After, everyone was escorted by the ImpSec guards downstairs to pack except Lady ghem Estif, captured by Duv Galeni and carried off to Simon’s office, along with a keenly interested Simon. The two hours they were closeted, Duv indicated to Ivan when they all emerged, were not nearly enough for a century’s worth of debriefing.
“I’m going to send an analyst along on their jumpship as far as Komarr, or maybe Pol Station,” he told Ivan, simultaneously calling up contact codes on his wristcom. “And one of Helen Vorthys’s post-docs or grad students, if she can scramble one in time. That’ll give five to ten more days. Damn I wish I could go myself.” He made his hurried call to the surprised but interested Professora. Chasing down one of his own people took a little longer, scattered all over town as they were at the moment, but at that point, all he had to do was snap commands, and some poor ImpSec schmuck’s Winterfair plans were sudden smoke. Ivan hoped there would be compensations.

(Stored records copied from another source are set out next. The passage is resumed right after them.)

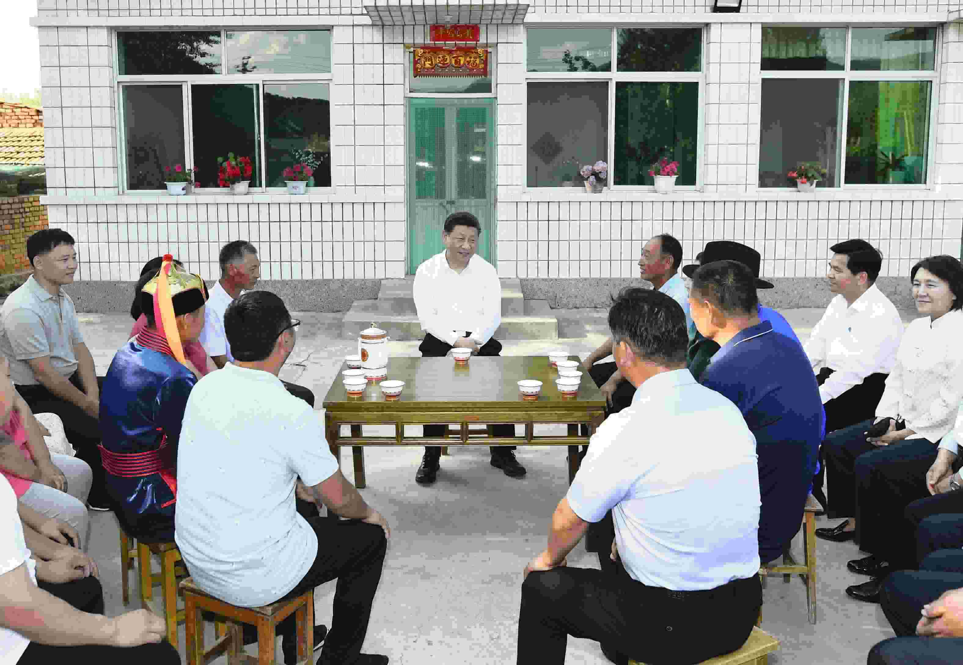 2019年7月15日至16日,中共中央總書記、國家主席、中央軍委主席習(xí)近平在內(nèi)蒙古考察并指導(dǎo)開展“不忘初心、牢記使命”主題教育。這是15日下午,習(xí)近平在赤峰市喀喇沁旗河南街道馬鞍山村村民張國利家,同基層干部群眾代表座談交流。 新華社記者 謝環(huán)馳/攝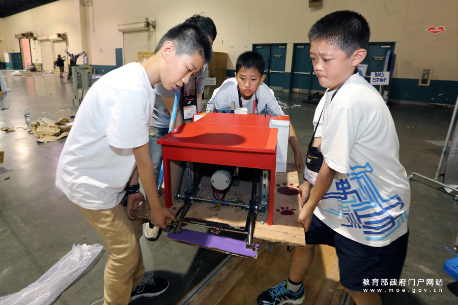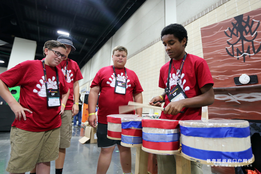 1/0美國田納西州諾克斯維爾市田納西大學體育館舉行了2016年度DI全球青少年創(chuàng)意大賽頒獎儀式。DI是英文縮寫,翻譯為中文就是“目的地想象”的意思,比賽要求每個參賽隊在8分鐘時間內現(xiàn)場演繹一個原創(chuàng)故事,所用道具不僅要由隊員手工制作,還必須具有一定的科技含量。該比賽旨在激發(fā)青少年的創(chuàng)造性思維,培養(yǎng)解決問題的能力和團隊合作精神。圖為北京八一中學參賽選手的“八爪神獸”道具一出場就技驚四座,以高出第二名20多分的成績獲得該賽項第一名。(樊世剛/攝)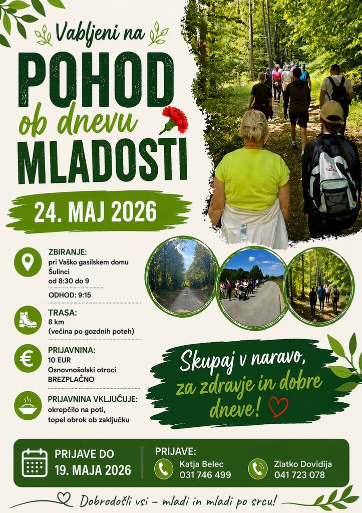 ŠKTD Šulinci vas vabi na Pohod ob dnevu mladosti, ki bo v nedeljo, 24. maja 2026. Zbiranje pohodnikov od 8.30 dalje pri Vaško – gasilskem domu Šulinci, start ob 9.15. Prijeten, 8 km dolg pohod v naravi bo potekal večinoma po gozdnih poteh. Prijavnina znaša 10 € in vključuje okrepčilo na poti in toplo malico ob koncu. Za osnovnošolce prijavnine ni.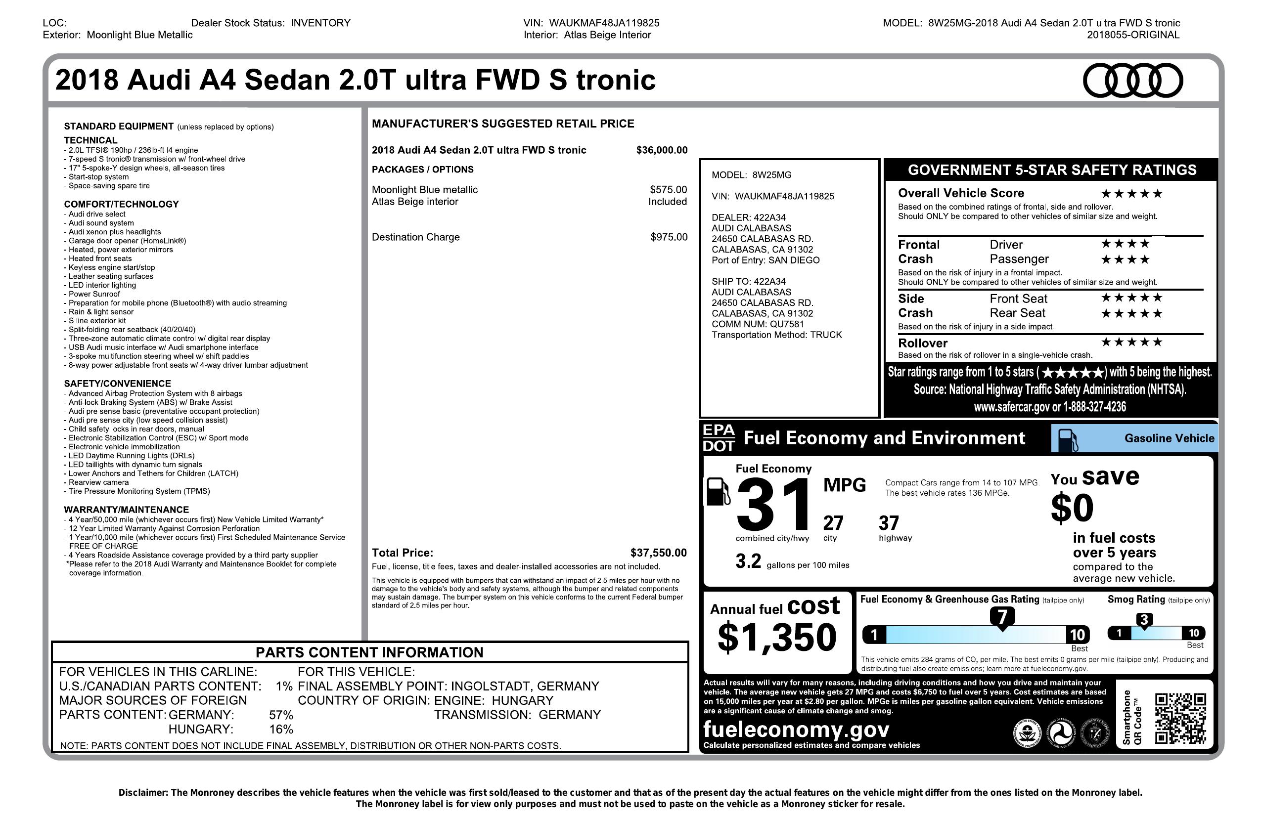 2018 Audi A4 2.0 Tfsi Ultra Premium S Tronic Fwd

“There’ll be a couple of dozen theses on the declassified papers alone,” Duv predicted confidently. “With honors.”
Well, that was probably someone’s idea of a reward, yeah. Because there was no accounting for taste. “You’re classifying this stuff? After a hundred years? Isn’t that paranoid even for ImpSec?”
“We’ll be declassifying most of it as fast as we can get through it. But there are some things about the old ghem-junta…never mind.” His lips compressed. And opened again to release a, “But you know that history book I gave Lady Tej?”
“Yes…?”
“I think there may have to be a new edition.”

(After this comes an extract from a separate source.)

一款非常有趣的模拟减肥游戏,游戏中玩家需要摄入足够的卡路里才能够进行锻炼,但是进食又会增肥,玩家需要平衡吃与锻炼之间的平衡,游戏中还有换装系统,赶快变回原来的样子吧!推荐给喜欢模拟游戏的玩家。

Ivan walked him out to the hallway; by the time Duv reached the lift tubes in the penthouse foyer, he was jogging, and fielding more calls from his wristcom. Eight billion marks, Ivan couldn’t help thinking, and he worries more about the papers…
Or the truth, perhaps. What price that?
Gregor was providing a courtesy military jump pilot and crew for Vormercier’s yacht for the run to the borders of the empire at Pol Station. This, Ivan gathered, was to make sure they arrived 1) there and 2) nowhere else. The ten days of travel time would be plenty to tightbeam ahead and arrange whatever commercial crew the Arquas wanted to hire on for the next leg. Vetted, Ivan trusted, for ingenious bounty hunters. Jet would be rejoining the Jewels, but Amiri was to travel with his family only as far as Komarr, then transfer to a government courier vessel for a free ride to Escobar, and a safe delivery back to the Durona Clinic. Any stray bounty hunter who made it that far would be Lily Durona and Mark Vorkosigan’s problem; or rather, vice versa. Definitely vice versa, Ivan reflected.
His life was simplifying nicely. But not, Ivan trusted, too much. A little uneasy, he took the lift tube down from his mother’s flat to find Tej.
Tej, when she’d had about as much as she could stand of listening to Amiri burble about how happy he was to be going back to Escobar, wandered into her parents’ temporary bedroom. The flat had been hastily furnished with rental beds and a few sofas and chairs, the night they’d all been dumped in here by the Barrayaran authorities; a lot of the meals had been taken upstairs at Lady Alys’s place. No one had urged anything more permanent.
The Baronne and Lady Alys, or rather, Lady Alys’s competent dresser under their joint supervision, was just finishing packing. The Baronne was remarking, “…not my plan at all, but it will certainly do. Flexibility, as Shiv says.”
She broke off and both mothers looked across at Tej as she entered, Lady Alys rather bemusedly, the Baronne…her lips tightened, but not in anger.